Mit der Agenda 2010 und den Hartz-Gesetzen bereitete die rot-grüne Koalition den Boden für den heutigen, enormen Niedriglohnsektor. Seit dieser Zeit steigt die Zahl der Working Poor stetig an. Gerade die Geringverdiener haben in den meisten Fällen überhaupt keine Betriebsrente, keine Lebensversicherung und keinen Riester-Vertrag. Sie besitzen meist auch keine eigene Wohnung und sind schon gar nicht in der Lage, „privat vorzusorgen“, wie die Politiker jetzt dringend empfehlen.

Seit der Zeit der rot-grünen Koalition wurde auch der Spitzensteuersatz systematisch gesenkt, von 53 Prozent auf heute 42 Prozent. Infolgedessen besitzen heute in Deutschland 36 Individuen ebenso viel Vermögen wie die gesamte ärmere Hälfte der Bevölkerung. In der gleichen Zeit wurde die staatliche Rente auf 48 Prozentpunkte abgesenkt und das Rentenalter schrittweise auf 67 Jahre angehoben.
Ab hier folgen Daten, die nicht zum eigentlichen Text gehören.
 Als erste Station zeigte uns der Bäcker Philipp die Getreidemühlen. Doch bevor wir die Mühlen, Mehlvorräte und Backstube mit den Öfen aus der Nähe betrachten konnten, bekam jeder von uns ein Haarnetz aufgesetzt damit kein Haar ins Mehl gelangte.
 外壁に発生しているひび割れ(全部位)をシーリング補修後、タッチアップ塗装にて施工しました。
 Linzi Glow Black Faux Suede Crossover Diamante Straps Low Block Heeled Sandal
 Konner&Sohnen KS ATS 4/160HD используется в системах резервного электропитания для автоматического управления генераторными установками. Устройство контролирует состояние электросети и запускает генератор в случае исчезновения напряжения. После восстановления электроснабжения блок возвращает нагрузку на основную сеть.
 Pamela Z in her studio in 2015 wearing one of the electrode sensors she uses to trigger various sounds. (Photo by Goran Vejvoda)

Und es wird auch weiter auf 70 Jahre steigen. Daran arbeitet zurzeit eine Kommission im Auftrag der Regierung. Deren Leiterin, Gabriele Lösekrug-Möller (SPD), reagierte auf den theatralischen Vorstoß von Olaf Scholz mit den Worten: „Wir wollen und sollen ohne Denkverbote und Richtungsvorgaben arbeiten – egal von wem!“

Inzwischen treten prominente Regierungspolitiker vehement dafür ein, dass sich die Bürger privat versichern. Regierungssprecher Steffen Seibert erinnerte daran, dass ab 2020 die geburtenstärkeren Jahrgänge in Rente gehen. Dann müssten immer weniger Beitragszahler für immer mehr und länger lebende Rentner aufkommen.
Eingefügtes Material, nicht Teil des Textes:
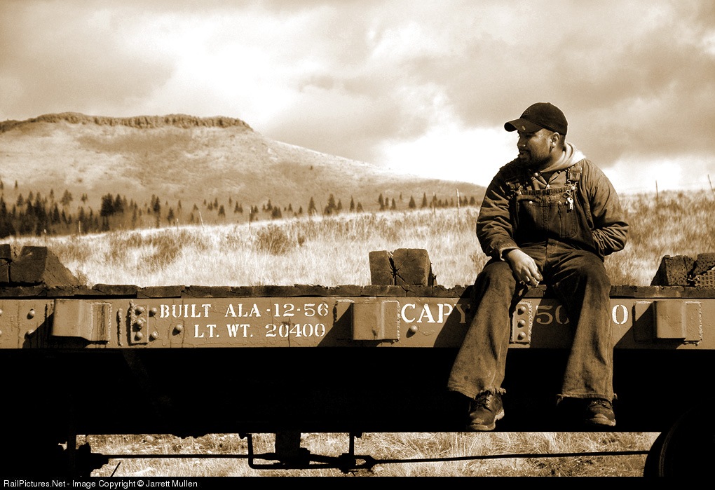 One of the crewmembers from the Chama Steam photo freight takes a well deserved break on an empty flatcar.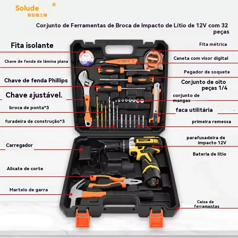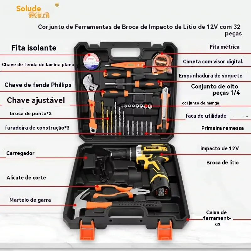 Kit Completo de 32 Ferramentas com Berbequim de Impacto 12V | Entrega em Luanda | Pagamento na Entrega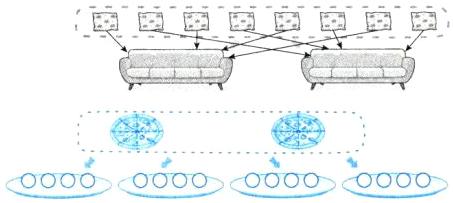 解析 由题图可知,有2张沙发,把8个抱枕平均放在2张沙发上,即把8个抱枕平均分成2份。如下图,动手分一分可知,每份是4个,即每张沙发上放4个抱枕。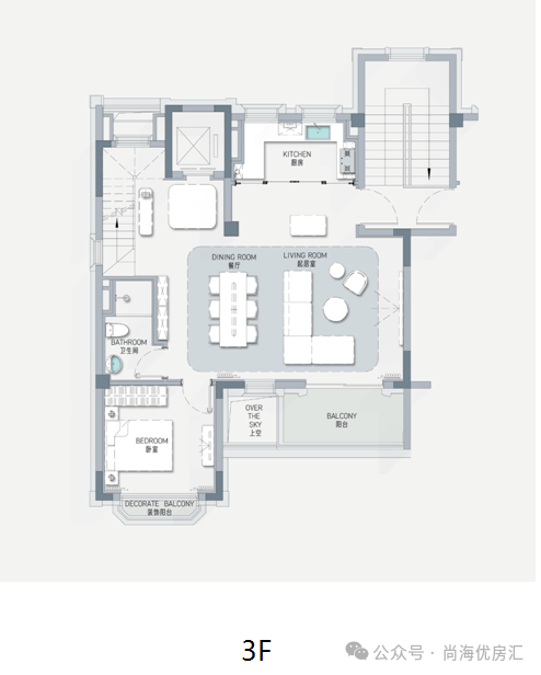 项目通过一楼家庭庭院,二楼星空露台,三楼罗密欧阳台,复原经典的三段式设计规制,还原出武康路罗密欧阳台的经典邬达克式摩登场景。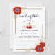 Le design de Nautical Boutique Co., rouge, blanc et bleu Save the Date, présente de belles fleurs d'anémone rouge aquarelle avec des centres bleus, une bordure de corde nautique, et ancre et pièce centrale florale assortie. La typographie de script moderne est jumelée à une police de bloc traditionnelle, donnant à ce design un style haut de gamme. L'envers est bleu marine avec des fleurs d'anémones rouges surdimensionnées. #Nautical #Anemone #SaveTheDate
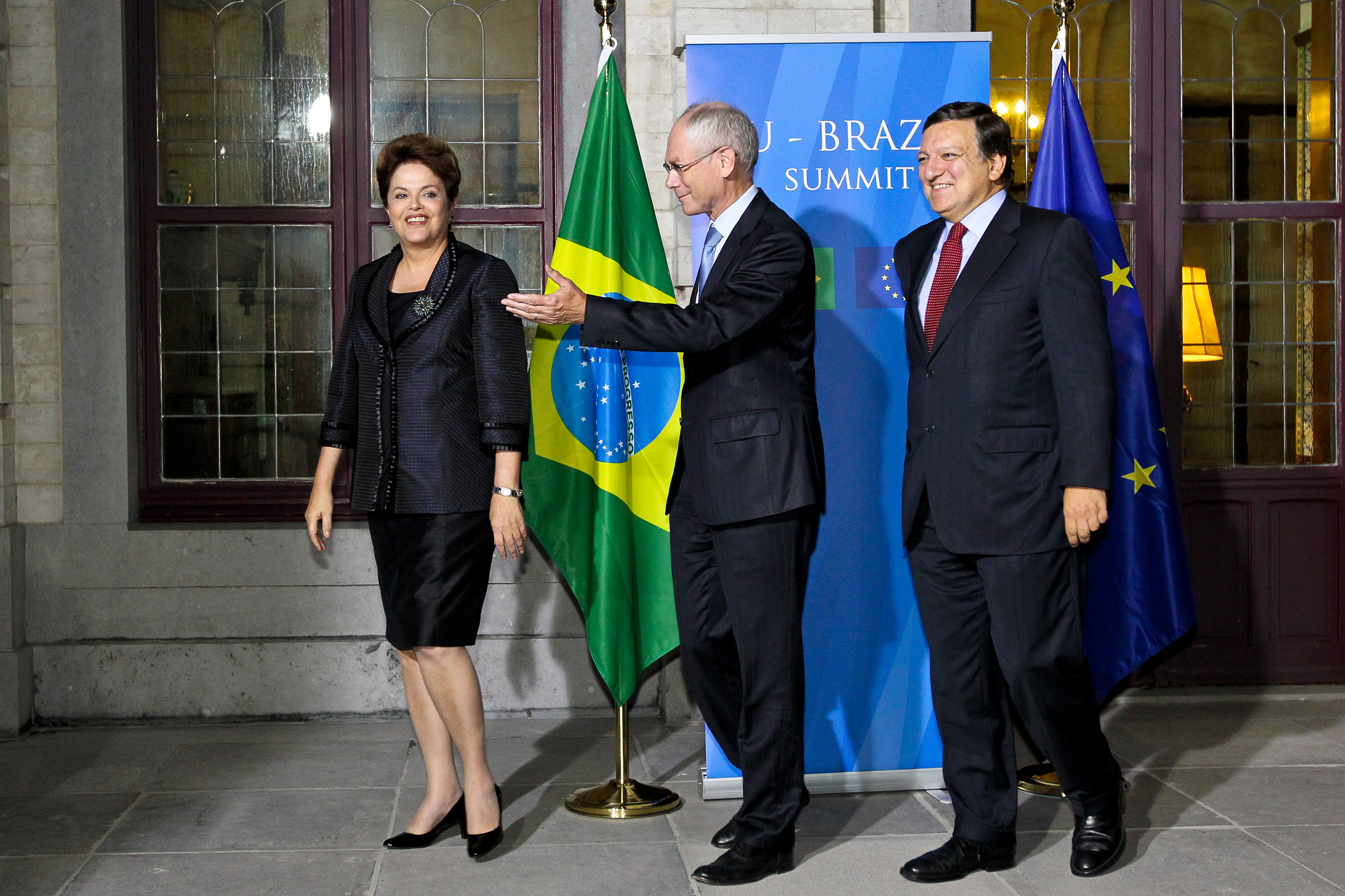 Presidenta Dilma Rousseff posa para foto com o Presidente do Conselho Europeu, Senhor Herman Van Rompuy e o Presidente da Comissão Européia, Senhor José Manuel Durão Barroso no Castelo de Val Duchesse. (Bruxelas - BEL, 03/10/2011)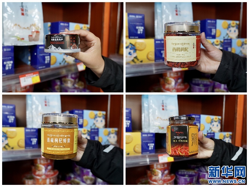 拼版照片:扶貧專柜內(nèi)擺放的日喀則特色產(chǎn)品(10月24日攝)。新華網(wǎng) 達(dá)珍 攝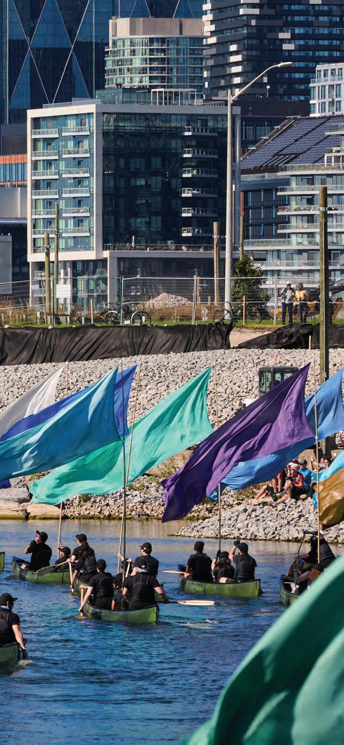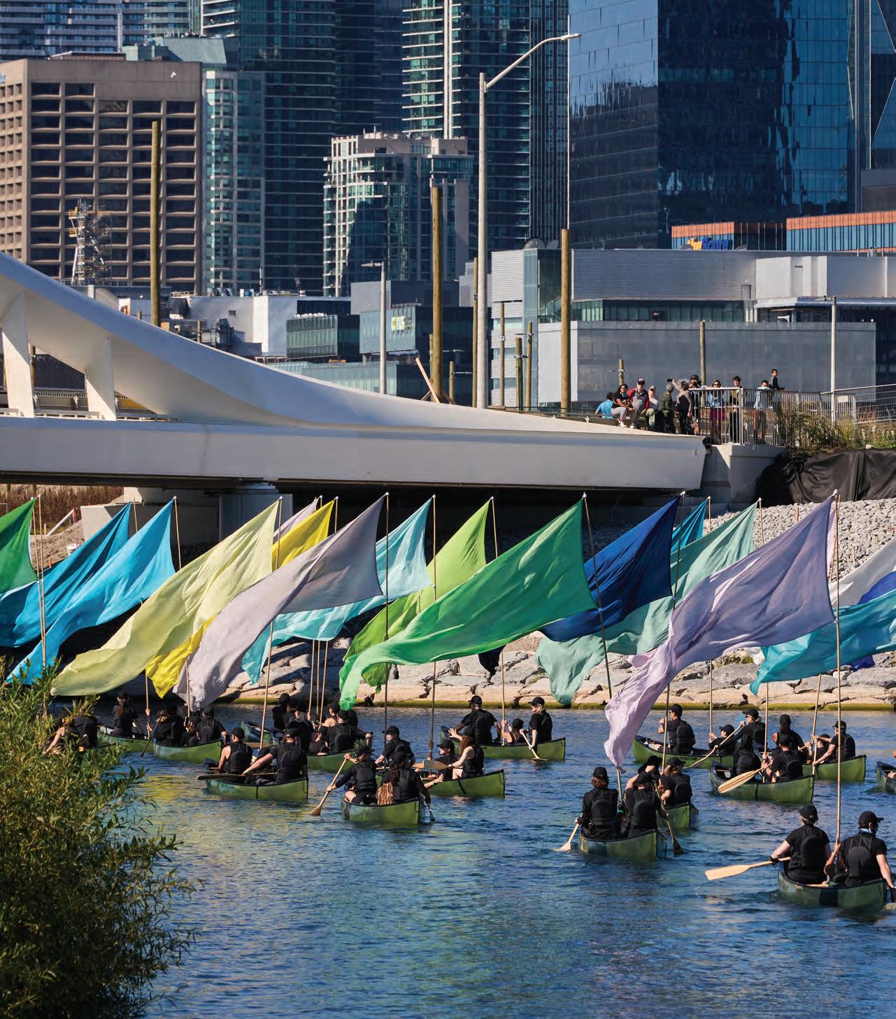 park on Toronto’s waterfront. The park is part of a masterplan by MVVA that builds a new, naturalized mouth for the Don River, and protects 174 hectares of land in the Port Lands and eastern waterfront from flooding, unlocking space for future mixed-use neighbourhoods. While Biidaasige’s parkland and playgrounds were officially inaugurated this summer, its waterways enjoyed a kind of second inauguration this fall. Photographer Amanda Large captured the event: a performance by artist Melissa McGill, featuring a flotilla of 120 canoes with hand-dyed flags, travelling from Biidaasige to the city’s harbour.

„Wir müssen damit leben, dass wir mehr privat vorsorgen müssen“, predigt Bundeskanzlerin Merkel schon seit über zehn Jahren. Auch im Wahlkampf 2017 betonte sie: „Die Rentenvorsorge kann nur solide bleiben, wenn wir neben der gesetzlichen Rentenversicherung auch andere Formen der Absicherung weiterentwickeln.“ Dies bekräftigte auch Bundesfinanzminister Scholz, der ein Informationsblatt der Regierung über alle Möglichkeiten der privaten Vorsorge publizieren will.

Diese Rezepte sind nicht nur extrem kurzsichtig, sondern auch zutiefst verlogen. Es ist riskant, auf private Versicherungen, Anlagen und Pensionsfonds zu setzen, die durch einen neuerlichen Börsensturz komplett vernichtet werden können. Schon heute gefährdet die anhaltende Niedrigzinspolitik die künftigen Erträge.
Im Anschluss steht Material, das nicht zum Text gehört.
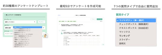 ・テンプレートを利用することで、アンケートの作成時間は最小限で済み、 最短5分でお客様満足度アンケートが完成します。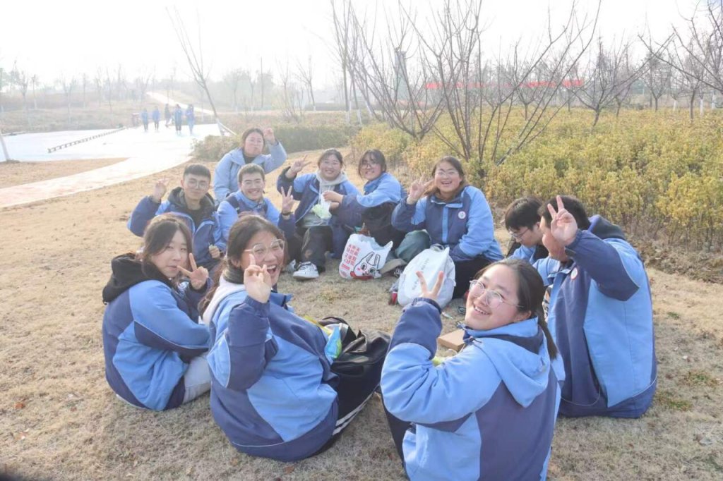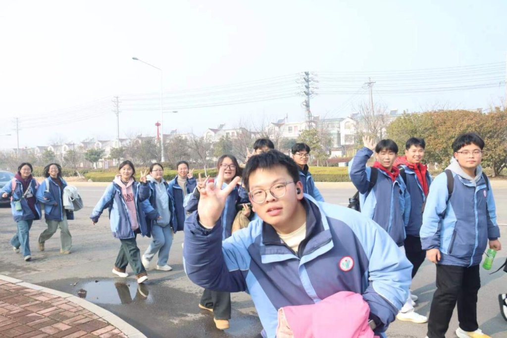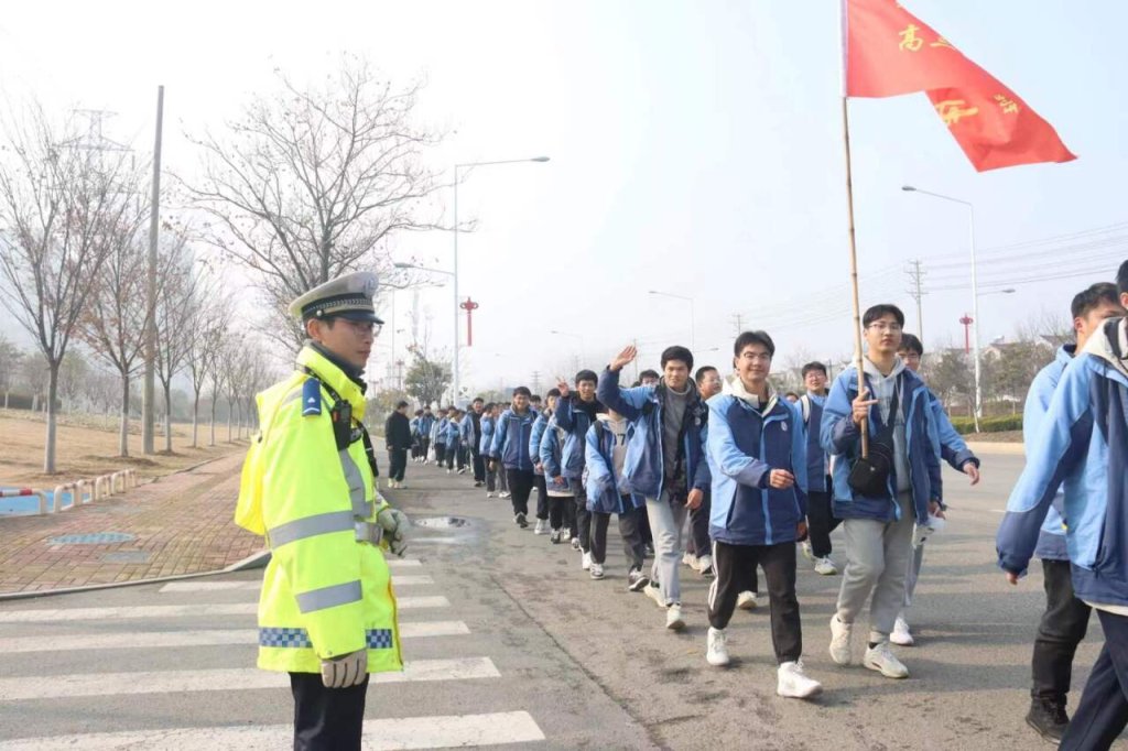 ~ 下午一点整,学校楼前广场彩旗招展、红旗飘扬,高三年级全体师生集结待命。在简短的壮行仪式后,全体师生排着整齐的队伍,浩浩荡荡向目的地进发。此次远足路线自定远三中开始,沿永康路、上海路行进,至泉坞山森林公园止,全程来回近13公里。行进过程中,同学们精神饱满,热情高涨。他们时而高唱班歌,时而高喊口号,互相鼓励,携手同行。

Hinzu kommt, dass gerade die Niedriglöhner, die im Alter am meisten darauf angewiesen wären, am wenigsten die finanziellen Mittel haben, um „vorzusorgen“. So ist von vorneherein festgelegt, dass noch mehr Millionen Menschen höchstens eine Armutsrente bekommen.

Die Regierung geht damit auch in der Rentenpolitik den Weg der AfD. Diese zielt darauf ab, die umlagefinanzierte Rente immer stärker durch eine Kapitalmarkt-basierte Altersvorsorge zu ersetzen. Das hat ein Bericht von „Frontal 21“ aufgezeigt, dessen Reporterteam vor zwei Wochen einem gemeinsamen Angriff von AfD, Pegida und Polizei ausgesetzt war.

Wie die ZDF-Sendung „Frontal 21“ nachwies, möchte die AfD Menschen dazu zwingen, sich privat, über Investitionen in Rentenfonds, Immobilien oder Aktien selbst zu versichern – wenn sie denn können. Die stellvertretende AfD-Fraktionsvorsitzende Beatrix von Storch, eine geborene Herzogin von Oldenburg, wird in dem Filmbericht mit den Worten zitiert, dieses Rentenmodell sei eine viel „freiheitlichere“ Lösung.

„Privat statt Staat“ – in diese Richtung geht offensichtlich auch die Bundesregierung. Sie hat in ihrem Koalitionsvertrag beschlossen, dass kein einziger eingesparter Euro in andere Bereiche als die Aufrüstung oder die „Entwicklungshilfe“ – sprich ihre neokolonialen Projekte – fließt. Daran hält sie auch angesichts drohender Altersarmut eisern fest.